A las ocho de la noche terminó la sesión. Musia y Serguéi seguían mirando al cielo, que poco a poco iba obscureciéndose. No tenía ese tinte rosado, esa luminosidad sonriente, de los atardeceres estivales; habíase tornado de repente hosco y ceñudo, nuboso y lóbrego, como cielo de invierno. Golovin lanzó un suspiro y miró de nuevo a través de la ventana. Mas ya nada se veía; era noche cerrada, una noche negra y helada. Entonces, el joven, sin dejar de acariciarse la incipiente barba, volvió los ojos, curiosos como los de un niño, hacia los jueces, y los fijó luego en los guardias que estaban allí custodiándolos, rígidos, con sus fusiles prevenidos. Miró, finalmente, a Tania y sus labios insinuaron una sonrisa. También Musia apartó la mirada del cielo cuando éste se obscureció, y la fijó en una telaraña. Así permaneció durante la lectura de la sentencia.

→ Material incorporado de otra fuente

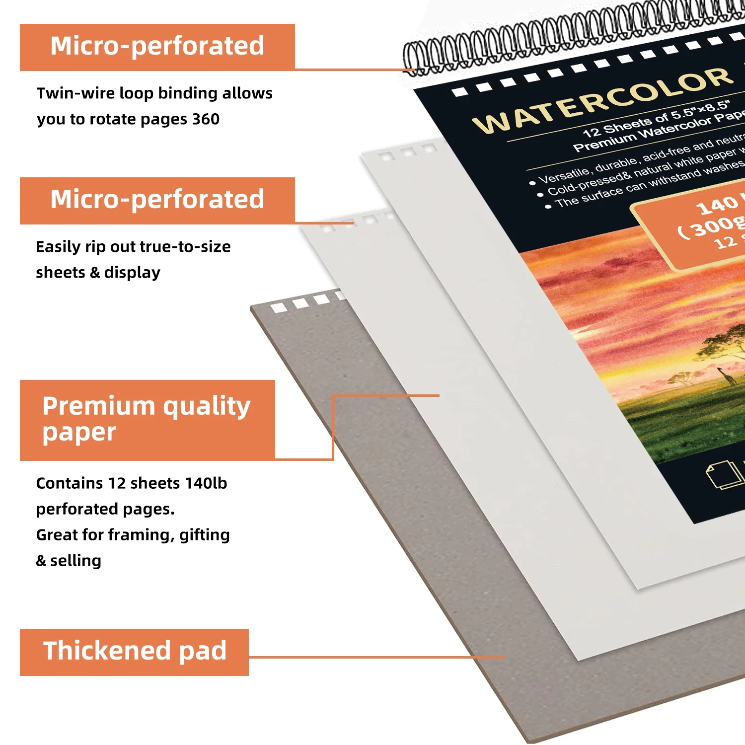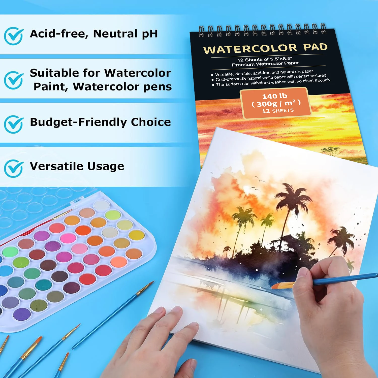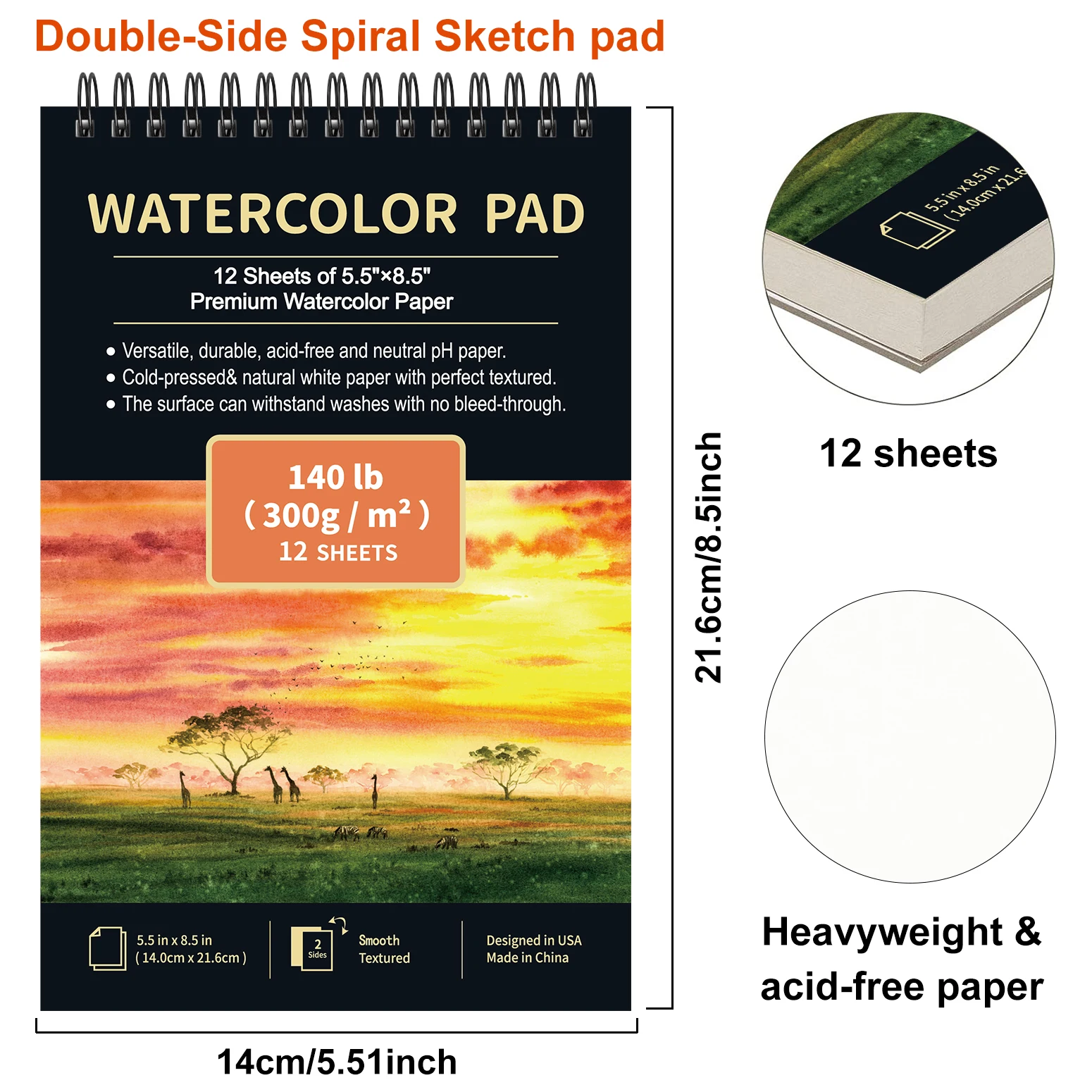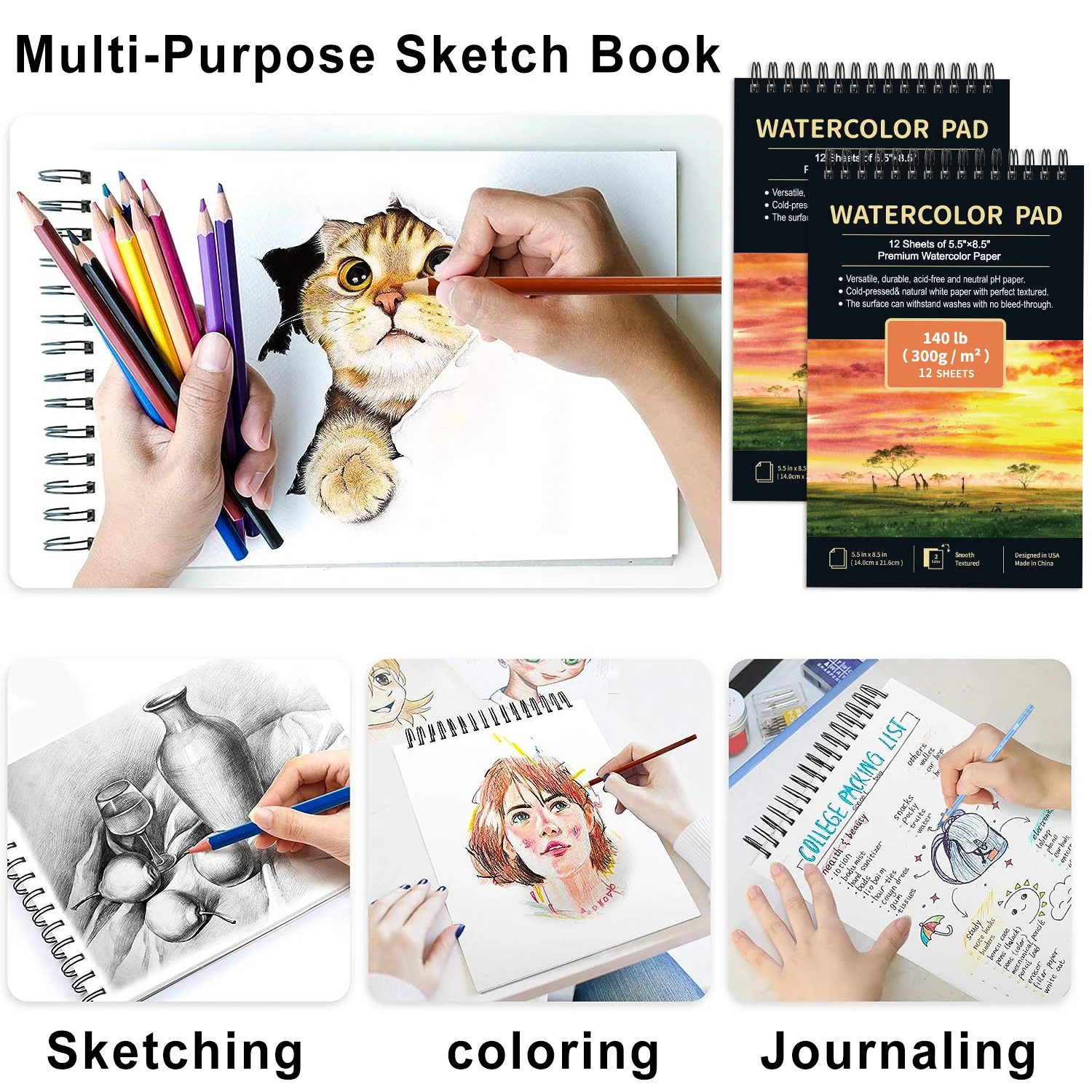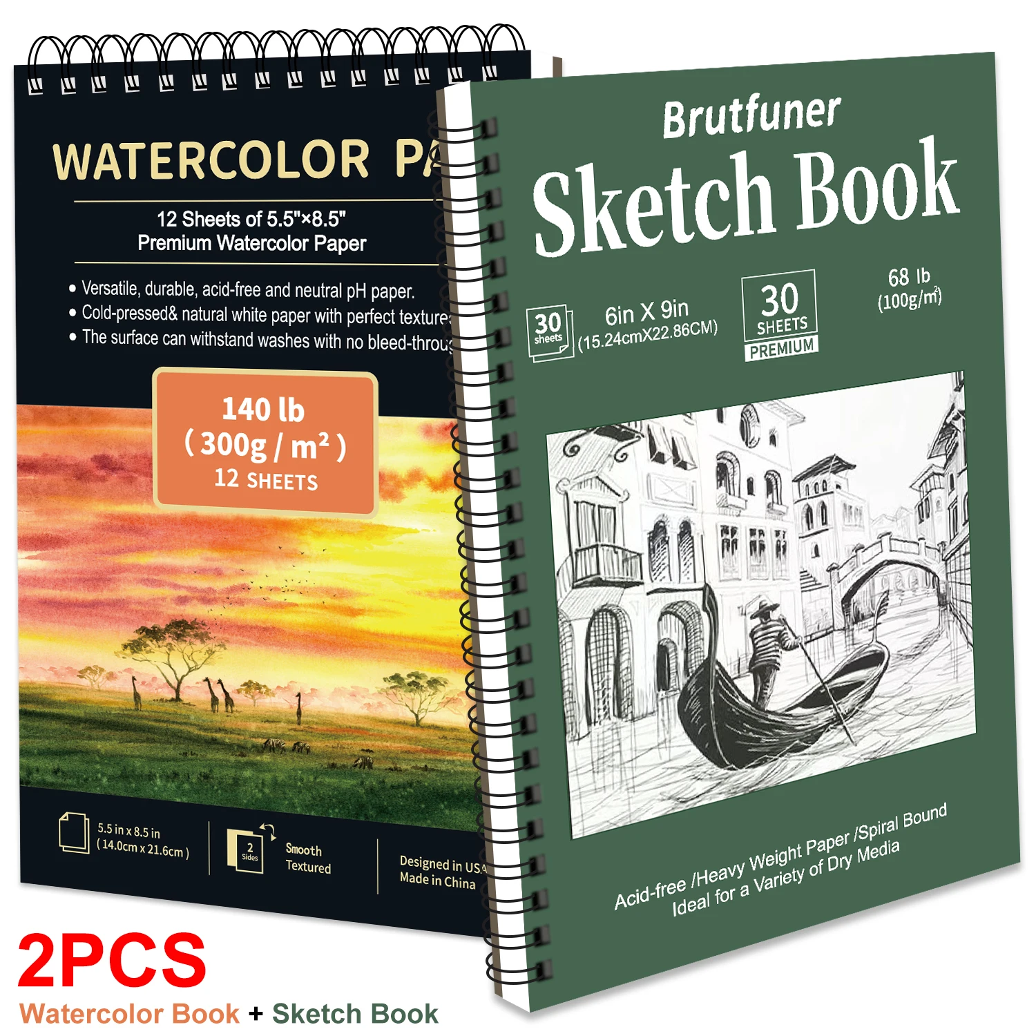 2pcs/A5 Watercolor Sketchbook 5.5 x 8.5 Inch, Watercolor Paper Cold Press (140lb/300gsm), Spiral Bound Water Color Pad

Cuando se hubo cumplido este requisito, los defensores de los condenados se despidieron de éstos, que no quisieron mirar los ojos, entre avergonzados y tristes, de los abogados. Al salir cambiaron algunas palabras.
—No es nada, Vasia —dijo Verner—; todo acabará pronto.
—Sí, amigo, todo —replicó Kashirin, sereno, casi alegre.
Había perdido su aspecto cadavérico, y su semblante se había coloreado levemente.
—¡Ah, diablos! ¡Al fin han conseguido hacernos ahorcar! —exclamó el candoroso Golovin.
—¡Bah! —contestó Verner—. Eso estaba descontado.
Tania quiso consolarlos, y les dijo:
—Mañana se ratificará la sentencia y nos encerrarán a todos juntos, y ya no nos separaremos hasta la hora de morir.
Musia callaba. Al fin echó a andar con decisión.
III ¡No tienen que ahorcarme!
Por el mismo tribunal que sentenció a los terroristas había sido condenado dos semanas antes un tal Iván Yanson a la última pena.
Prestaba sus servicios este hombre como peón en casa de un rico labrador, y era uno de tantos jornaleros, sin nada que le distinguiese de los demás. Era estonio, de Vesenberg, y había pasado su vida de hacienda en hacienda, pero acercándose cada vez más a Petrogrado. Apenas conocía el ruso, y como quiera que en casa de Lásarev —que así se apellidaba su amo— no había ningún otro estonio, Yanson pasó los dos años que estuvo en aquella casa casi sin hablar.